La risposta del Consiglio
Nella sua risposta, il Consiglio ribadiva ancora l'importanza da esso attribuita alla questione della trasparenza. Il Consiglio faceva osservare che il trattato che adotta una Costituzione per l'Europa doveva essere ancora ratificato dagli Stati membri. Aggiungeva poi che il semplice fatto che la disposizione di cui trattasi era stata aggiunta alla parte I del trattato costituzionale dimostrava che la questione sollevata dai denuncianti era di natura politica e costituzionale, piuttosto che un caso di cattiva amministrazione.

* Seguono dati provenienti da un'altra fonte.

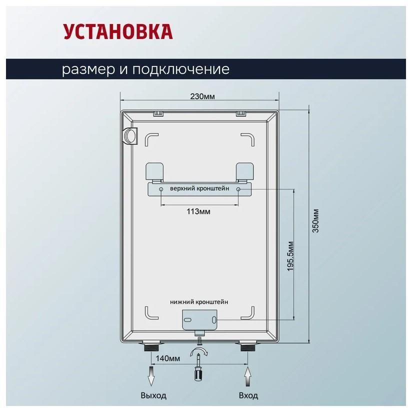 Технические характеристики Primoclima vita 8.5 квт, белый Резьба для подключения воды 1/2 дюйма Мощность 8.5 кВт Напряжение сети 220(230) В Высота 350 мм Глубина 60 мм Ширина 230 мм Мах тем-ра нагрева воды 55 °С Управление электронное Самодиагностика да Пульт ДУ нет Цвет белый Защита от перегрева есть Производительность 7 л/мин Тип ТЭНа сухой Наличие сетевой вилки нет Установка вертикальная Способ крепления настенный Антизамерзание нет Форма прямоугольная Серия VITA Габариты без упаковки 230х350х60 мм Вес нетто 5.3 кг Голосовой помощник нет Степень защиты от воды X4 IP Дисплей есть Индикация включения есть Нагревательный элемент ТЭН Способ подачи воды напорный Подводка нижняя
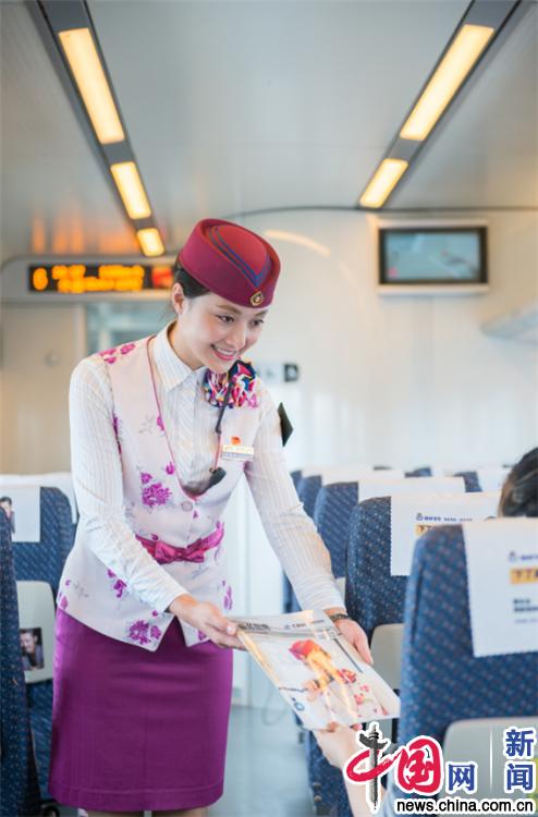 成渝高铁的列车长正在为旅客送动车服务指南。
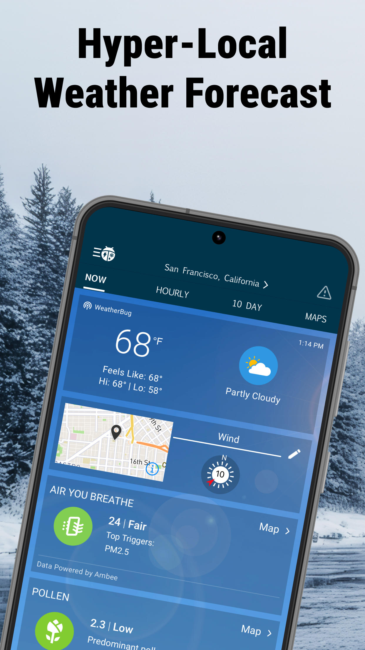 Ačkoliv název může leckoho zmást, nejde o žádnou vtipnou aplikaci nebo nepovedenou verzi plnou „bugů“. WeatherBug patří k nejlepším aplikacím pro předpověď počasí. Na Google Play má 1,92 milionu recenzí a hodnocení 4,7. V přehledných kategoriích nabízí hodinovou předpověď, sílu větru, sledování bouří, radar, zobrazení rizika silných bouří nebo tlak vzduchu. Nechybí ani upozornění na nečekané povětrnostní stavy.

In conclusione, il Consiglio reiterava la sua opinione, secondo cui non si configurava alcun caso di cattiva amministrazione, avendo esso agito in piena conformità con le normative vigenti in materia.
Le osservazioni dei denuncianti
Nessuna osservazione è pervenuta dai denuncianti.
Il progetto di raccomandazione del Mediatore
Il progetto di raccomandazione
Il 9 novembre 2004, il Mediatore ha inviato il seguente progetto di raccomandazione al Consiglio, a norma dell'art. 3, par. 6, dello Statuto del Mediatore europeo:
"Il Consiglio dell'Unione europea dovrebbe riconsiderare il proprio rifiuto di decidere di riunirsi in seduta pubblica ogniqualvolta agisca in qualità di legislatore."
Il Mediatore europeo ha motivato il progetto di raccomandazione come segue.
1 Il raggio d'azione del mandato del mediatore
1.1 L'art.195 del trattato CE affida al Mediatore il compito di esaminare casi di cattiva amministrazione nel corso dell'azione delle istituzioni e degli organi comunitari. Il trattato non contiene una definizione dell'espressione "cattiva amministrazione". Nella sua relazione annuale per il 1997[3], e in risposta ad una richiesta di chiarimenti avanzata dal Parlamento europeo, il Mediatore proponeva la seguente definizione: "Si è in presenza di cattiva amministrazione quando un organismo pubblico non opera conformemente a una norma o a un principio per esso vincolante." Questa definizione è stata successivamente accolta dal Parlamento europeo[4].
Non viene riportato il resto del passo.